┌─ Provided entries

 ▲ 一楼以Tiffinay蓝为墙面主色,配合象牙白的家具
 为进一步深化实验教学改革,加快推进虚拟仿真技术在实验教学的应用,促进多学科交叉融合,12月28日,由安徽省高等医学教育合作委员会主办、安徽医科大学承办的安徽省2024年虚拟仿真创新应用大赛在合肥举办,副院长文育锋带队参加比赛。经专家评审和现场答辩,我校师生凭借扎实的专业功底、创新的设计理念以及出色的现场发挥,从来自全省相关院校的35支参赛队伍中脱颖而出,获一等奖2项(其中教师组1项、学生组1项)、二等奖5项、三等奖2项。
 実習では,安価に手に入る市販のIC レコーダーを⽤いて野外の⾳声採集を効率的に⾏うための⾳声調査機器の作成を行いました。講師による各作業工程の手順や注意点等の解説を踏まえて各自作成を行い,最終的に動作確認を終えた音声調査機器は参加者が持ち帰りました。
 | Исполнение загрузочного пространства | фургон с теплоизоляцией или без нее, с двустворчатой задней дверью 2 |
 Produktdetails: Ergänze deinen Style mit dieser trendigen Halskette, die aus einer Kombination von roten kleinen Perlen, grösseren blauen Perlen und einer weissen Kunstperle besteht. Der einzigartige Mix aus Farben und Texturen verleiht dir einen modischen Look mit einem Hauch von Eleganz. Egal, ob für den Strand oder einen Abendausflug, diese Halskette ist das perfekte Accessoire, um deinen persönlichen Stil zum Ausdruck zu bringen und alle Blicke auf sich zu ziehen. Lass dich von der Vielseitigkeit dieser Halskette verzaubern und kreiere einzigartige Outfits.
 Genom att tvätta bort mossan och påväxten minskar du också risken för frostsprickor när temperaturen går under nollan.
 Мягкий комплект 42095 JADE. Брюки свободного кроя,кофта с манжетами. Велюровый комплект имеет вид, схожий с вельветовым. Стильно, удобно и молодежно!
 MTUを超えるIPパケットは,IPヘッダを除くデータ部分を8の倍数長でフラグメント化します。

└─

■ Your task:
What you return must match the data above character for character.

■ Problem solution:
 ▲ 一楼以Tiffinay蓝为墙面主色,配合象牙白的家具
 为进一步深化实验教学改革,加快推进虚拟仿真技术在实验教学的应用,促进多学科交叉融合,12月28日,由安徽省高等医学教育合作委员会主办、安徽医科大学承办的安徽省2024年虚拟仿真创新应用大赛在合肥举办,副院长文育锋带队参加比赛。经专家评审和现场答辩,我校师生凭借扎实的专业功底、创新的设计理念以及出色的现场发挥,从来自全省相关院校的35支参赛队伍中脱颖而出,获一等奖2项(其中教师组1项、学生组1项)、二等奖5项、三等奖2项。
 実習では,安価に手に入る市販のIC レコーダーを⽤いて野外の⾳声採集を効率的に⾏うための⾳声調査機器の作成を行いました。講師による各作業工程の手順や注意点等の解説を踏まえて各自作成を行い,最終的に動作確認を終えた音声調査機器は参加者が持ち帰りました。
 | Исполнение загрузочного пространства | фургон с теплоизоляцией или без нее, с двустворчатой задней дверью 2 |
 Produktdetails: Ergänze deinen Style mit dieser trendigen Halskette, die aus einer Kombination von roten kleinen Perlen, grösseren blauen Perlen und einer weissen Kunstperle besteht. Der einzigartige Mix aus Farben und Texturen verleiht dir einen modischen Look mit einem Hauch von Eleganz. Egal, ob für den Strand oder einen Abendausflug, diese Halskette ist das perfekte Accessoire, um deinen persönlichen Stil zum Ausdruck zu bringen und alle Blicke auf sich zu ziehen. Lass dich von der Vielseitigkeit dieser Halskette verzaubern und kreiere einzigartige Outfits.
 Genom att tvätta bort mossan och påväxten minskar du också risken för frostsprickor när temperaturen går under nollan.
 Мягкий комплект 42095 JADE. Брюки свободного кроя,кофта с манжетами. Велюровый комплект имеет вид, схожий с вельветовым. Стильно, удобно и молодежно!
 MTUを超えるIPパケットは,IPヘッダを除くデータ部分を8の倍数長でフラグメント化します。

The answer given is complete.